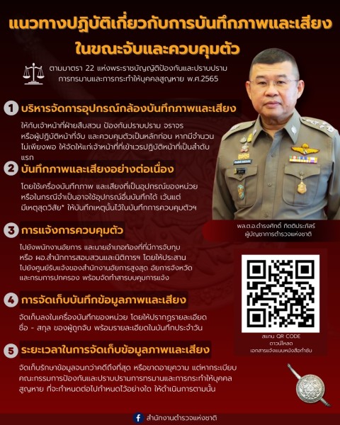 “แนวทางการปฏิบัติเกี่ยวกับการบันทึกภาพและเสียงในขณะจับและควบคุมตัวตามมาตรา 22 แห่ง พ.ร.บ.ป้องก...
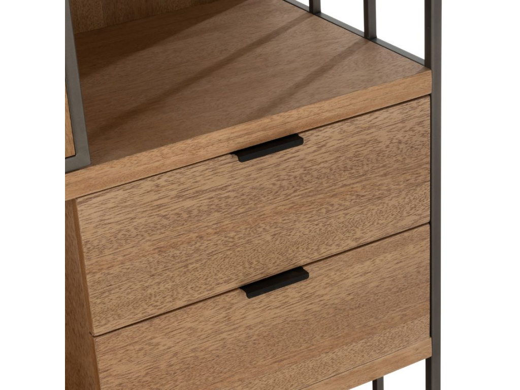 Knihovna J-line Differy je zajímavá svým bohatě členěným úložným prostorem. Najdete v ní nejen tři prostorné otevřené police, ale také dvě uzavřené police a dvě zásuvky. Můžete ji tedy využít nejen k uložení knih, ale také do ní můžete schovat nejrůznější drobnosti a věci, které nechcete, aby byly na očích. Knihovna na první pohled zaujme také svými originálně řešenými bočními stranami, které tvoří štíhlá kovová konstrukce. V sérii Differy najdete další produkty, se kterými může být vás domov perfektně designově sjednocený.
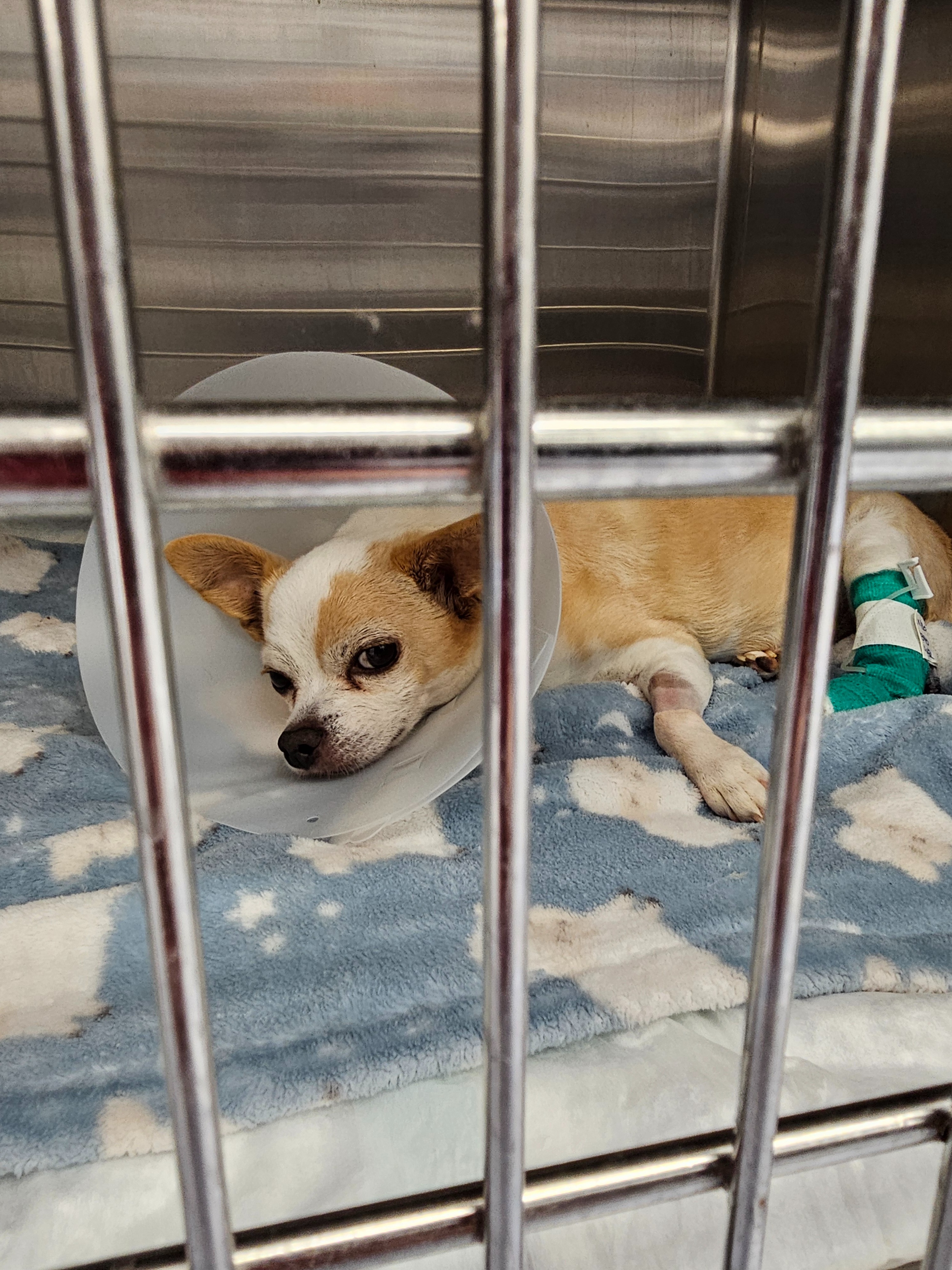 The veterinary team calls him a “trooper” because he never complains — he just looks up at us with tired eyes and keeps fighting.
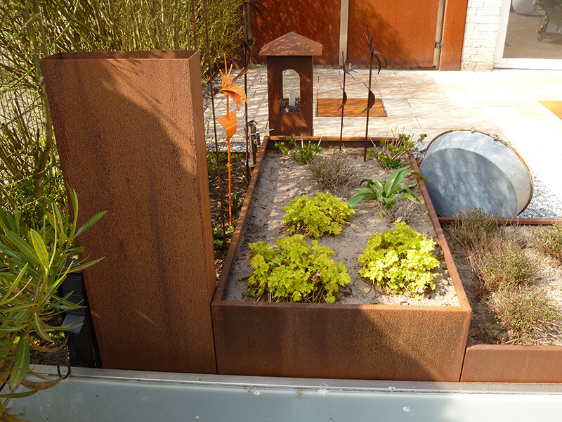 Sein Charm ist unübertroffen, Cortenstahl wirkt vom ersten Tag an durch die gezielt angerostete Oberfläche. „Alt von Anfang an!“ – Wie modern und zeitgemäß das wirkt, zeigen auch unsere Stahlobjekte für Haus und Garten.

Work to complete:
Your copy should hold exactly and only the lines from the one containing "Knihovna J-line Differy" through the end of the material, inclusive, repeated word for word and without pictures.

Completed exercise:
 Knihovna J-line Differy je zajímavá svým bohatě členěným úložným prostorem. Najdete v ní nejen tři prostorné otevřené police, ale také dvě uzavřené police a dvě zásuvky. Můžete ji tedy využít nejen k uložení knih, ale také do ní můžete schovat nejrůznější drobnosti a věci, které nechcete, aby byly na očích. Knihovna na první pohled zaujme také svými originálně řešenými bočními stranami, které tvoří štíhlá kovová konstrukce. V sérii Differy najdete další produkty, se kterými může být vás domov perfektně designově sjednocený.
 The veterinary team calls him a “trooper” because he never complains — he just looks up at us with tired eyes and keeps fighting.
 Sein Charm ist unübertroffen, Cortenstahl wirkt vom ersten Tag an durch die gezielt angerostete Oberfläche. „Alt von Anfang an!“ – Wie modern und zeitgemäß das wirkt, zeigen auch unsere Stahlobjekte für Haus und Garten.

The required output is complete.